Я похлопочу, и будьте уверены, никто на вас больше косо не взглянет.
Зина поблагодарила, возразив, что он немного ошибается: педагогом она
оказалась никудышным, а потому увольнение будет самым оптимальным
шагом в этой ситуации.
Отец Матвея оставил за собой право не согласиться и спросил напоследок:
- Вы его не навестите? Он уже дома.
- Извините, но думаю, что нет.
- Что ж, - грустно кивнул отец. – Наверное, так и впрямь будет лучше.
Переболеет, пройдет… Удачи вам! – и, захлопнув дверцу, уехал.
Поставив, может быть, и безосновательно, крест на своей педагогической
карьере, Зина устроилась на работу в продмаг, где всю жизнь проработал ее
отец. Мать обратилась к директору магазина, и тот, в память о покойном, сделал его дочь старшим кассиром.

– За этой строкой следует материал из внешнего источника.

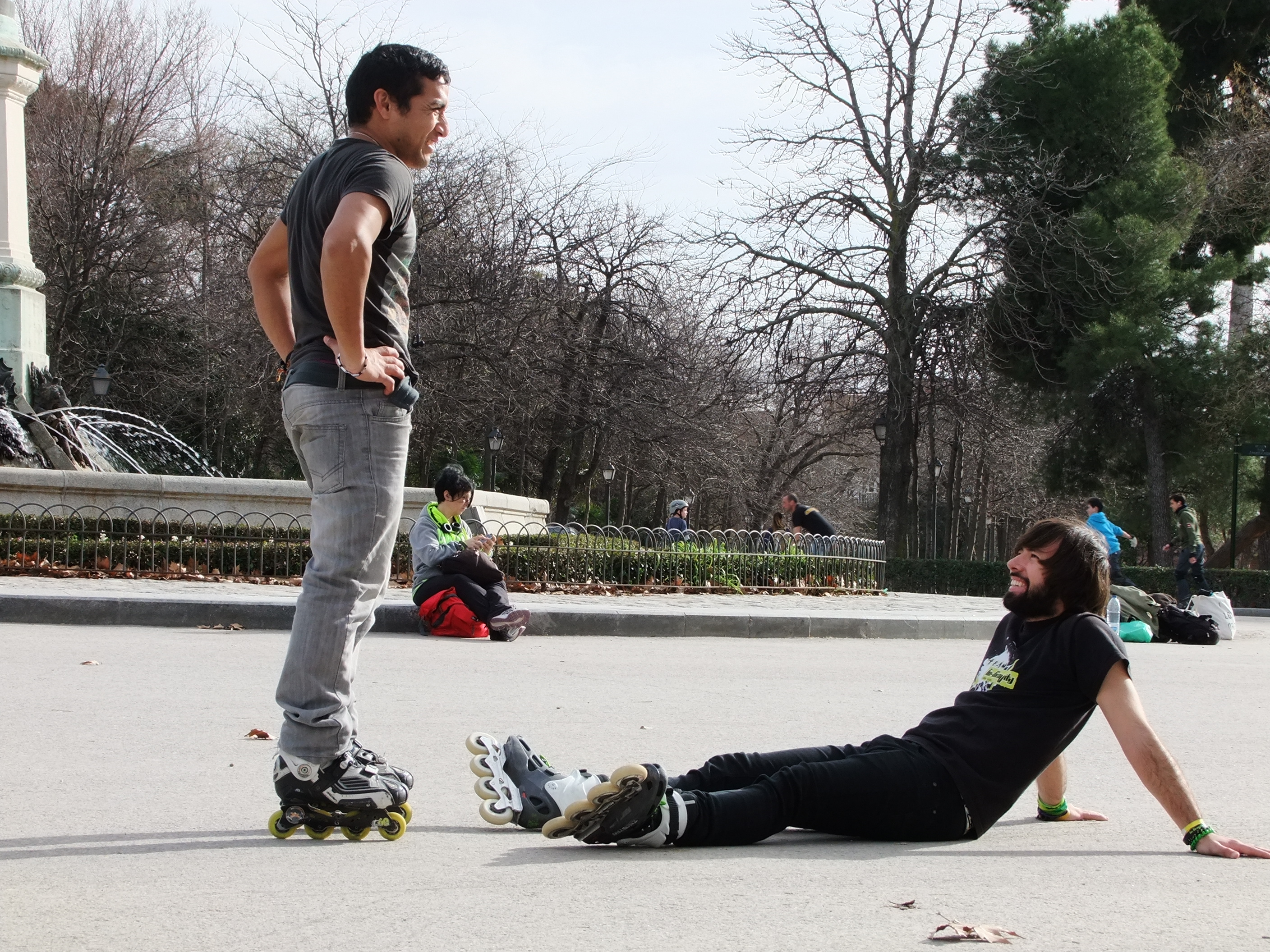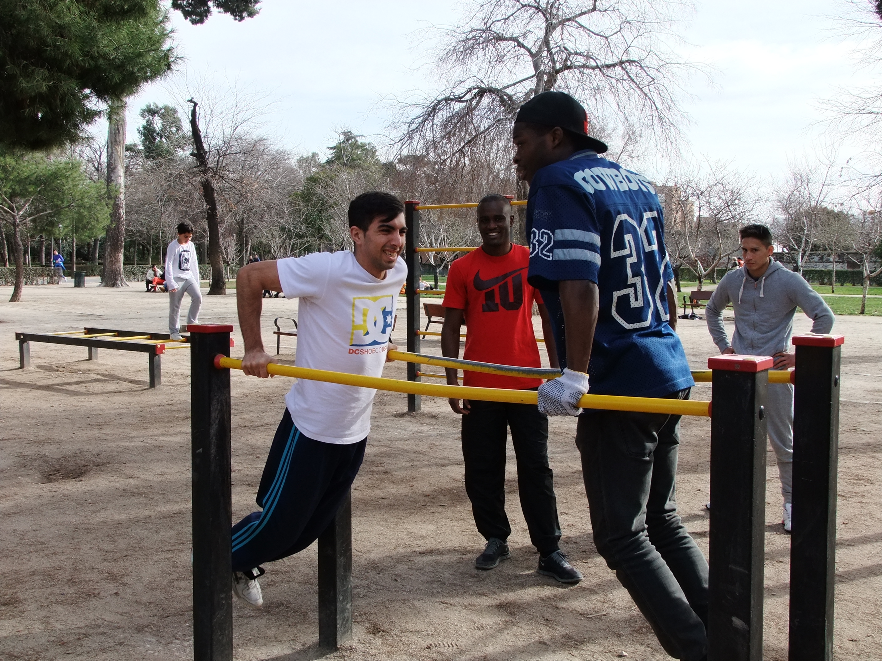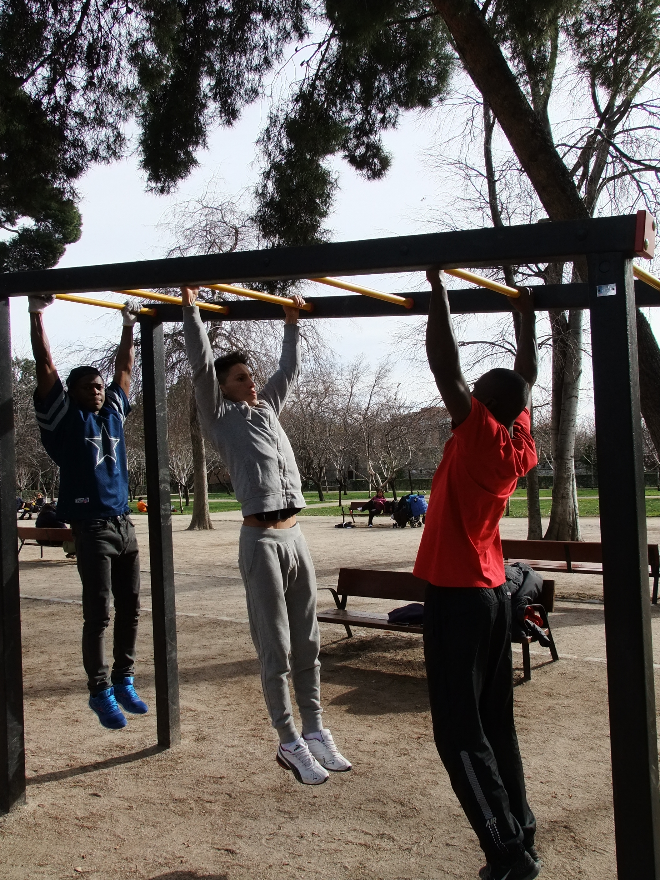 Direkt neben diesem Kreisel gibt es einen kleinen „Fitnesspark“. Besonders für Frauen ist es wichtig, hier doch mal ein kleines Päuschen einzulegen. Jeglicher Besuch, der mit uns bereits im Retiro war, findet diesen Platz sehr spektakulär. Die Männer werden schnell neidisch, welches sich in Kommentaren wie: „Das mache ich immer morgens nach dem Aufstehen!“ äußert. Die Frauen sind plötzlich echt geschlaucht und MÜSSEN unbedingt noch ein paar Minuten auf der Parkbank verweilen.

Зина поблагодарила, выговорила у него небольшой отпуск – и запила. Запой
продолжался неделю и по внешним признакам мало чем отличался от
предыдущего, осеннего. Вот только на душе у Зины было несравненно
тяжелее. Она винила себя в том, что произошло с Матвеем, он ей снился в
131
тяжелых, кошмарных снах, наутро она просыпалась в холодном поту, и в ее
ушах звенел басовитый, с хрипотцой голос подростка, его слова, сказанные
ей в первый раз. Она мучилась и заливала эту муку очередной порцией
спиртного. Помогало это ненадолго и однажды ночью обернулось
жутчайшим кошмаром. В хмельном бреду – то ли во сне, то ли наяву – Зине
привиделся тот самый мужичонка на банкетке в диспансере, о котором все
эти годы она и не вспоминала. А тут – на тебе! Бредовый сон с погонями, диким страхом и кровью вдруг приостановился, картина раздвинулась, и
откуда-то с заднего фона видения, постепенно приближаясь, стала вырастать
угловатая мужская фигура; неловко тряся словно сведенными судорогой
руками, фигура, как в кино, наезжала все ближе, ближе, пока наконец не
вырисовалась в узнаваемую физиономию того самого алкоголика, который в
свое время признал в Зине «свою». Мужичонка ехидно ухмылялся, тыкал в
Зину кривым прокуренным пальцем и шипел шепелявым слюнявым ртом:
«Наша… наша!.. Говорил ведь, что нашей станешь!..»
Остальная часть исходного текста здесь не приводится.